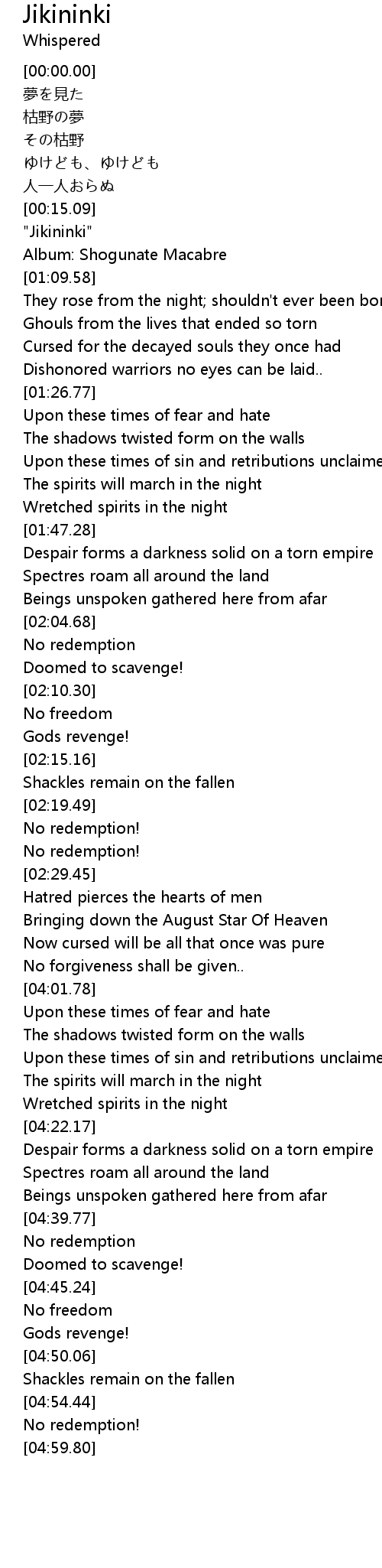 | [00:59.85] | " Jikininki" |
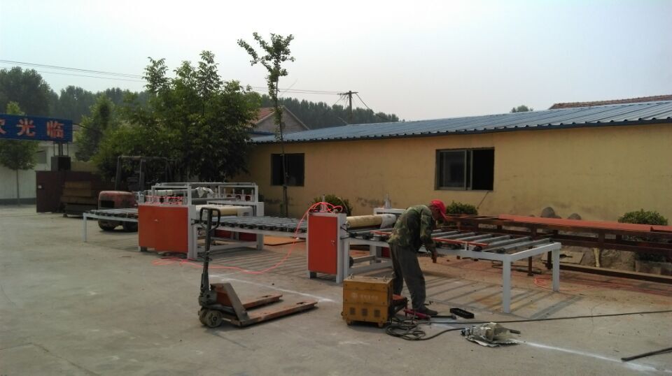 采用全自动电脑程控,自动完成涂胶,加热贴面.烘干.两次冷压,三次热压于一体,靠链条、链轮传送,结构紧凑合理,操作方便,速度可调。适用于防火板的表面贴面,还能将各种木质板(三合板、石膏板、密度板、刨花板)进行深加工贴面.如木纹纸、PVC波音、铝箔、免漆纸、高分子膜等.可生产各种花色的豪华装饰板.利润倍增,适合家具厂、人造板厂、乡镇企业和个体户接产.设备分为大中小多种型号,还可根据客户要求加工定做
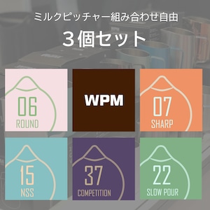 07シリーズ(シャープスパウト)、06シリーズ(ラウンドスパウト)、22シリーズ(ワイドスパウト)、15シリーズ(IVYコラボ)、21シリーズ(テーパード)、ハンドルレス(一部除く)、37シリーズ(コンペティション500cc)よりお好きなミルクピッチャーを3個、購入時の備考欄に記載の上、ご購入ください。
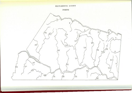 [4] Source for the creeks of Mecklenburg County: Katherine B. Elliott, Early Settlers, Mecklenburg County, Virginia, vol. 1 (Easley, SC: Southern Historical P, 1983 [1964]), pp. 73-74.
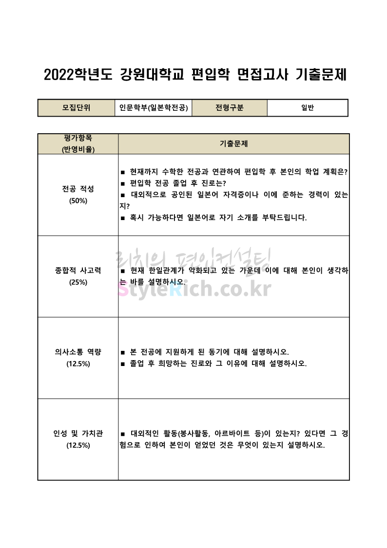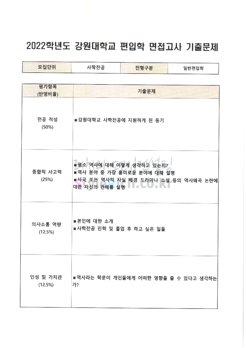 2022학년도 강원대 편입 면접 기출문제(인문대)
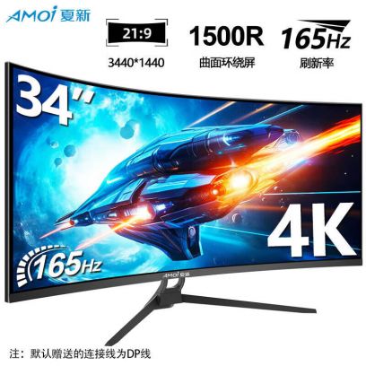 夏新(Amoi)34英寸4K带鱼屏高刷电竞曲面显示器游戏台式液晶屏幕21:9宽屏升降设计炒股办公分屏笔记本外接副屏 34英寸带鱼屏【4K165Hz】曲面 黑色, 34英寸带鱼屏【4K60Hz】可升降直面 黑色
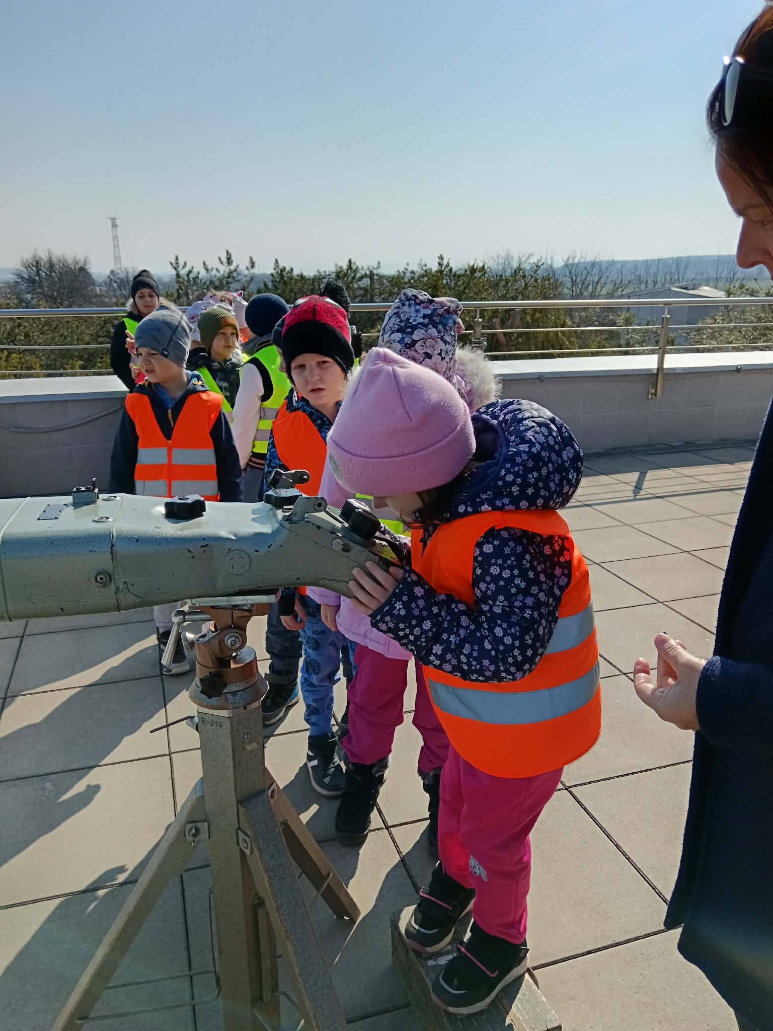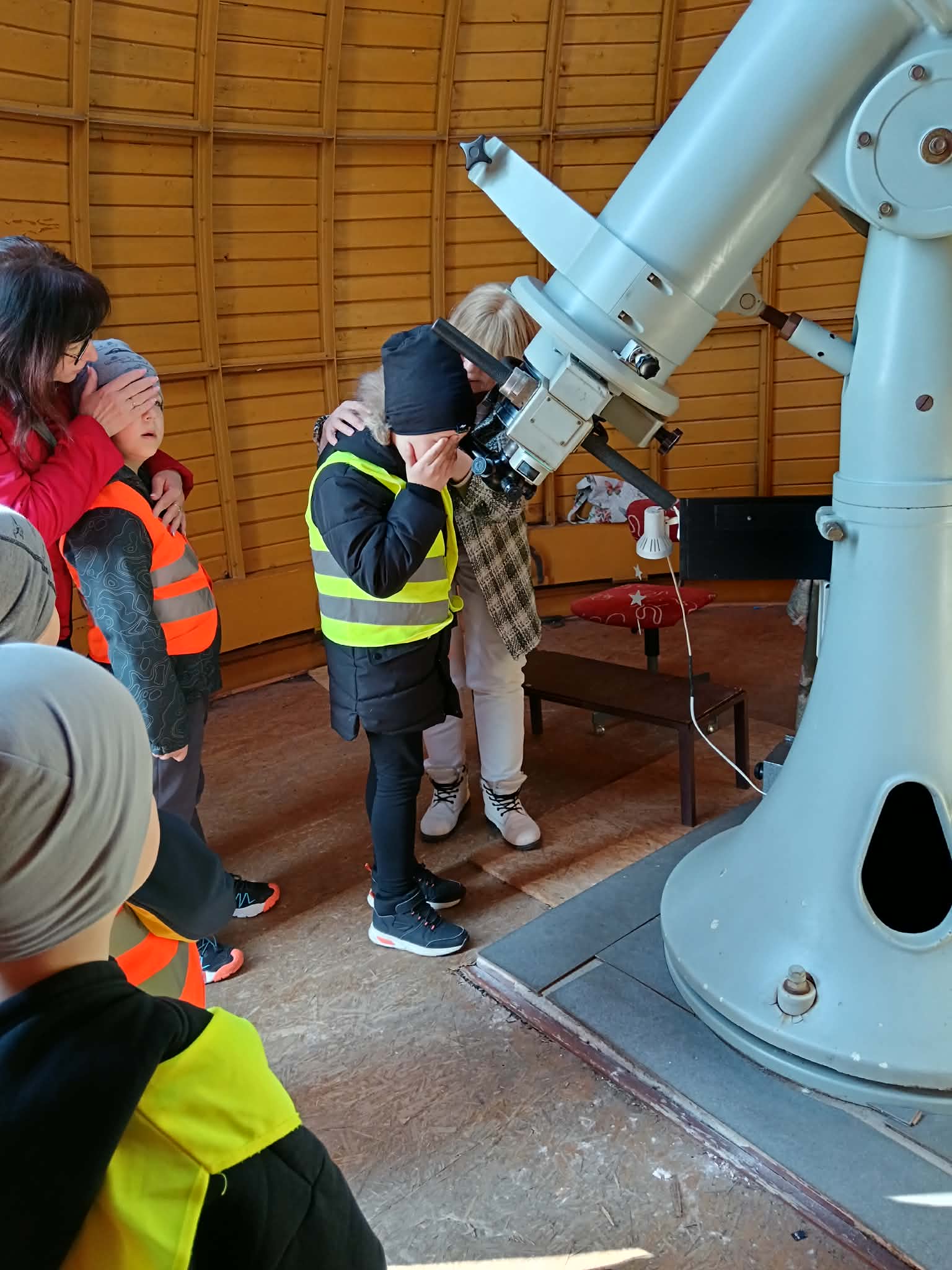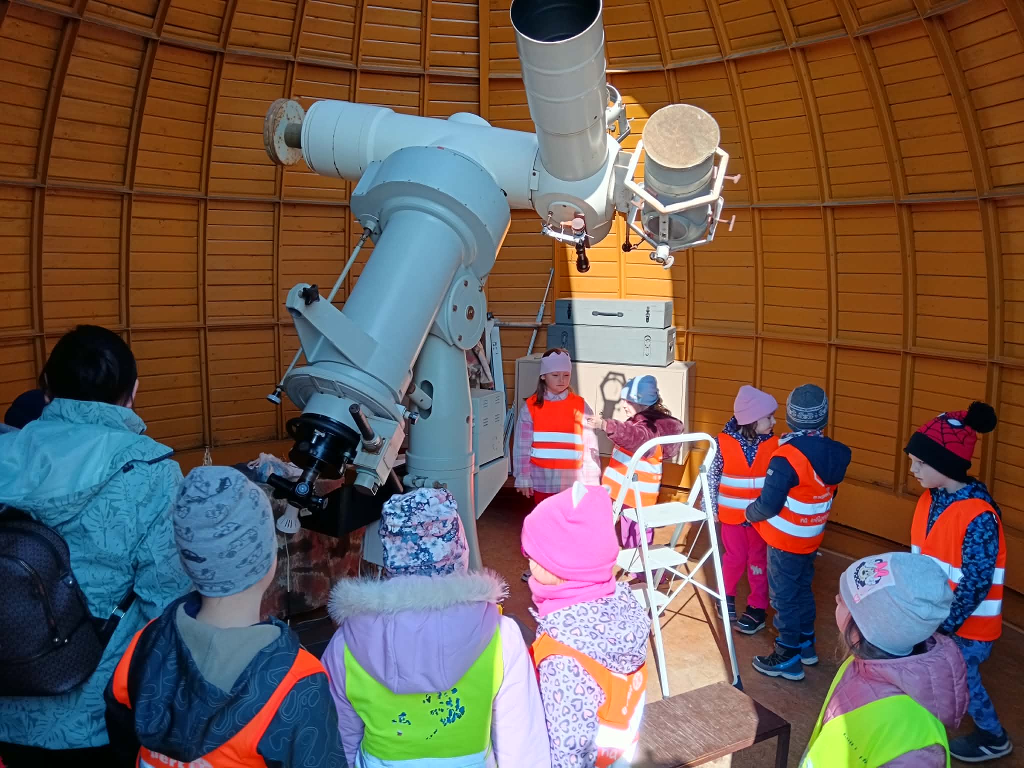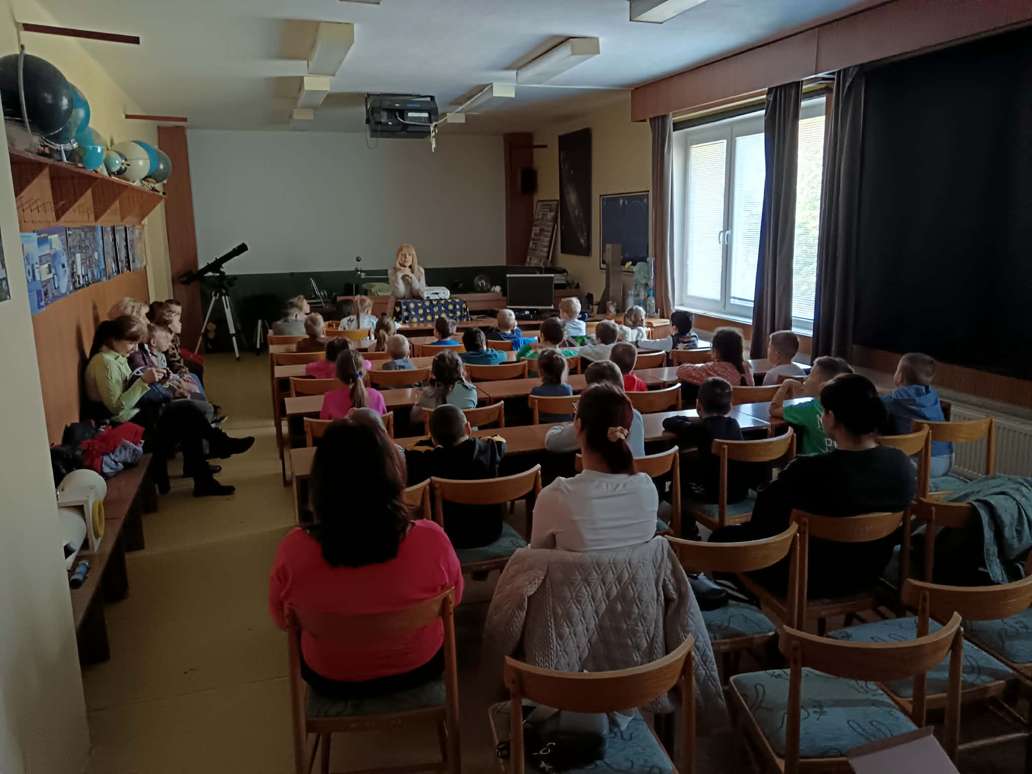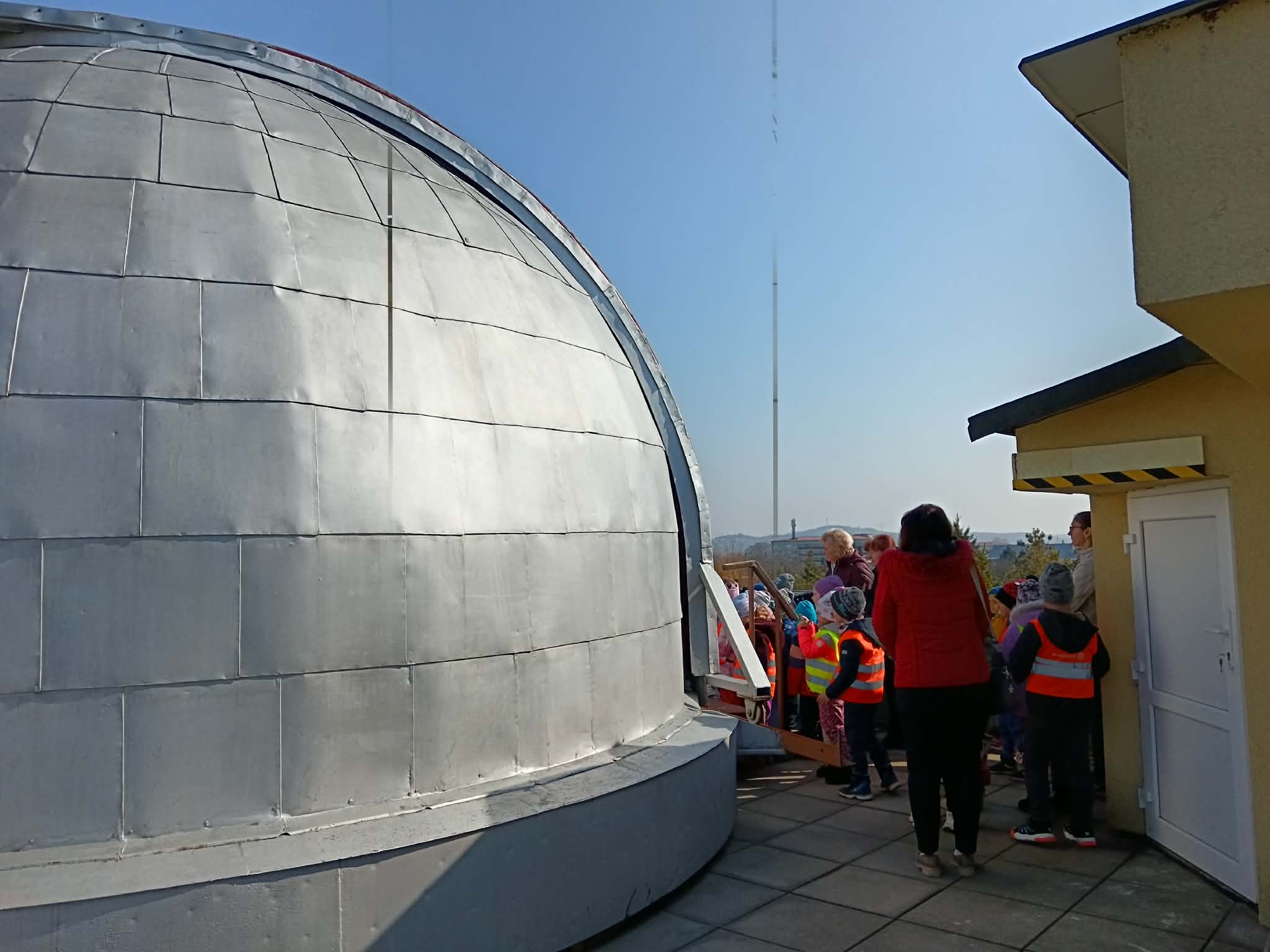 Deti z predškolských tried navštívili hvezdáreň, kde pozorovali krásu oblohy profesionálnou technikou – ďalekohľadom. Zábavnou formou im ukázali ako vidno vesmírne telesá na našej oblohe. Deti to veľmi zaujal, boli nadšené.
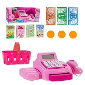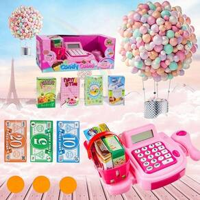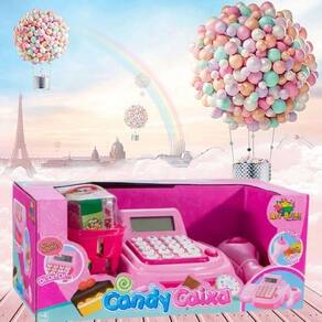 Candy Caixa é um produto completo para a menina que gosta de brincar de supermercado. A Caixa Registradora Eletrônica da Art Brink, vem com diversos acessórios, para a brincadeira. Ela conta com miniaturas de produtos de supermercado, além do simulador de leitor de produtos para que o faz de conta fique perfeito. Quando passa o cartão, a gaveta abre. O brinquedo também tem luzes e sons, para que a brincadeira fique ainda mais real. Vem também uma cestinha com diversos produtos de supermercado, além de cédulas e moedas de dinheirinho de brinquedo. As meninas adoram também o microfone e a calculadora.

▸ WORK INSTRUCTION
Give back the material exactly as written, from its first line to the line that contains "采用全自动电脑程控,自动完成", and leave out the pictures.

▸ EXPECTED OUTPUT
 | [00:59.85] | " Jikininki" |
 采用全自动电脑程控,自动完成涂胶,加热贴面.烘干.两次冷压,三次热压于一体,靠链条、链轮传送,结构紧凑合理,操作方便,速度可调。适用于防火板的表面贴面,还能将各种木质板(三合板、石膏板、密度板、刨花板)进行深加工贴面.如木纹纸、PVC波音、铝箔、免漆纸、高分子膜等.可生产各种花色的豪华装饰板.利润倍增,适合家具厂、人造板厂、乡镇企业和个体户接产.设备分为大中小多种型号,还可根据客户要求加工定做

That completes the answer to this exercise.